A la citada rebelde se suman la boquita pintada Celina (Laura Lahoz) y la pacata Noemí (Vivi Montiel). La primera no deja de maquinar con su imaginación, la otra se pliega a la tradición del oscurantismo, validando las ocurrencias del hermano mayor y perfilándose a reproducir el modelo materno. Las amenazas del clima y la oscuridad que esconde muchas cosas (al decir de Leonor) cercan la vida de las muchachas. El calor incomoda y la fusta manda.
De Monte aporta brío y descaro en dosis justas. Montiel transmite la austeridad de una mujer acostumbrada a la censura. Y Lahoz, a veces pícara, a veces ingenua, se mueve con gracia por entre las únicas tres sillas que conforman el mobiliario. Eso sí, las tres, comparten la frustración y la manifiestan a su modo.
Por otro lado, el teatro mendocino recupera la figura de Jorge Rosas, ausente desde hace un tiempo. Firme en su autoridad, pero sin desbordes de ningún tipo, es el victimario y también el heredero-víctima de esa nefasta tradición ancestral.

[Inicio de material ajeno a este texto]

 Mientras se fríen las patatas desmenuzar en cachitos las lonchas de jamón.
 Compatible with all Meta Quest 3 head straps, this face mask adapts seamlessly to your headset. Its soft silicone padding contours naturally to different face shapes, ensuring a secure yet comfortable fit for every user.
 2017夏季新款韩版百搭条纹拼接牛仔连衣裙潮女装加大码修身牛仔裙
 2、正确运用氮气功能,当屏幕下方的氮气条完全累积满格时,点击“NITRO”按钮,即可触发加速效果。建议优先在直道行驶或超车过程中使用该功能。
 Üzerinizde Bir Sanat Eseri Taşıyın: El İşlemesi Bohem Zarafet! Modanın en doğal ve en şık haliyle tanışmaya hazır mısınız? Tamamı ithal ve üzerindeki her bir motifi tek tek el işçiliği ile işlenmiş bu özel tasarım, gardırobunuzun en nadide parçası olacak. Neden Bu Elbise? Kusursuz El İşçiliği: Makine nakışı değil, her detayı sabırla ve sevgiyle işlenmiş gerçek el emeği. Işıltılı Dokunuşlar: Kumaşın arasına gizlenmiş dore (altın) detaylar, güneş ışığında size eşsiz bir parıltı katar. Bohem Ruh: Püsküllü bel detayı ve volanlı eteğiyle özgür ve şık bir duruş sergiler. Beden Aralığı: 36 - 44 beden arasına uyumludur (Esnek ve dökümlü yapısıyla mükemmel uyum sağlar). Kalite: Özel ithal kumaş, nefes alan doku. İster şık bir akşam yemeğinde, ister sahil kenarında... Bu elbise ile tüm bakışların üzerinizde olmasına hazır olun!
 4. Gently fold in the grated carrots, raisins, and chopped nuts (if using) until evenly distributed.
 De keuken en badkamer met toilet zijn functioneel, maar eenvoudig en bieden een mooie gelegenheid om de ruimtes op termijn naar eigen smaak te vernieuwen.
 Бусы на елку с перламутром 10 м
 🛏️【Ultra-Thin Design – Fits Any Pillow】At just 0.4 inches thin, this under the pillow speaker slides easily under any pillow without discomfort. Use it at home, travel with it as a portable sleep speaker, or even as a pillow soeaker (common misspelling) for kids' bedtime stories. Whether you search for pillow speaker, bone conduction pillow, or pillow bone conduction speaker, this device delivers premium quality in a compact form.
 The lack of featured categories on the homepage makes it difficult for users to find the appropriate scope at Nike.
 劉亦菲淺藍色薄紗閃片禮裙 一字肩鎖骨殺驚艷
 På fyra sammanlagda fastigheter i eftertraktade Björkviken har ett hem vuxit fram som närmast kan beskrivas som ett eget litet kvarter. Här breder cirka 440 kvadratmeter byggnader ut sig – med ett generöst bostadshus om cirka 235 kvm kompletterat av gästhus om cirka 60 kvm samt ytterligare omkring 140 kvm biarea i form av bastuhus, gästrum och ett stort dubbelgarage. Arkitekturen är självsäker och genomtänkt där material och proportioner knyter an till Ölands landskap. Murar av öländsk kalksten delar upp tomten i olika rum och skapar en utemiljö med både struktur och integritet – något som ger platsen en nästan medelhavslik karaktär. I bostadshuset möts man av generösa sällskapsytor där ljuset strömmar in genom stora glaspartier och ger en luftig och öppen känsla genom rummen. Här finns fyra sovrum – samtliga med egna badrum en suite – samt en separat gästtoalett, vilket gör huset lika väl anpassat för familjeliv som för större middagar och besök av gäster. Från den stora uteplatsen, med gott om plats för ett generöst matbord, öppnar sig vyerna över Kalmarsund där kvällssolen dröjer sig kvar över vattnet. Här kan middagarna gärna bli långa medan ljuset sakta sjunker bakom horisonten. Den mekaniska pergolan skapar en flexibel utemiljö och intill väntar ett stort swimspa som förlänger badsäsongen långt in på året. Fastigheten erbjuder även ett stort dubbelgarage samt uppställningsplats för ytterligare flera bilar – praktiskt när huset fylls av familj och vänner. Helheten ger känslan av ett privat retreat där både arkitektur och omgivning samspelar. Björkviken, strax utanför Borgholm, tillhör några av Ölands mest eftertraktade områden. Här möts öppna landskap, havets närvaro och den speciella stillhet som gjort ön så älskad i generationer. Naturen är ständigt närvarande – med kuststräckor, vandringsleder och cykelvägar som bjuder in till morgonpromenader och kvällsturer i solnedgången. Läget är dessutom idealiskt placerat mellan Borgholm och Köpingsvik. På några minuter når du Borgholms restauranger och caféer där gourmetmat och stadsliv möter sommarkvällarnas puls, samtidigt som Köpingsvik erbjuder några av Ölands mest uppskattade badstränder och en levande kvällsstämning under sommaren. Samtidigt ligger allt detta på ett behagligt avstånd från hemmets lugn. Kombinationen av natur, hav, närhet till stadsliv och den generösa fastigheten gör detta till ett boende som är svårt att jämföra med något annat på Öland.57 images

Los cuatro intérpretes -que se mantienen en escena de principio a fin- tejen con su experiencia un sólido sistema de relaciones. Lo físico y lo verbal se ajustan a la concisión de las ideas del texto. No hay nada de más. Tampoco de menos. Son las brasas en su justa medida.
Ficha:
Brasas (fuego de noche), de Rogelio Borra García. Dirección y puesta en escena: Rubén González Mayo. Producción general: Grupo Teatral Independiente Les Ex. Intérpretes: Sonnia De Monte, Laura Lahoz, Vivi Montiel y Jorge Rosas. Vestuario: Musas Ropajes Teatrales y Julio Basle. Escenografía: J. Basle. Fotografía y diseño gráfico: Nahuel Salcedo. Sala: Ana Frank (Maipú 230, Mendoza). Función del 25-08-2023.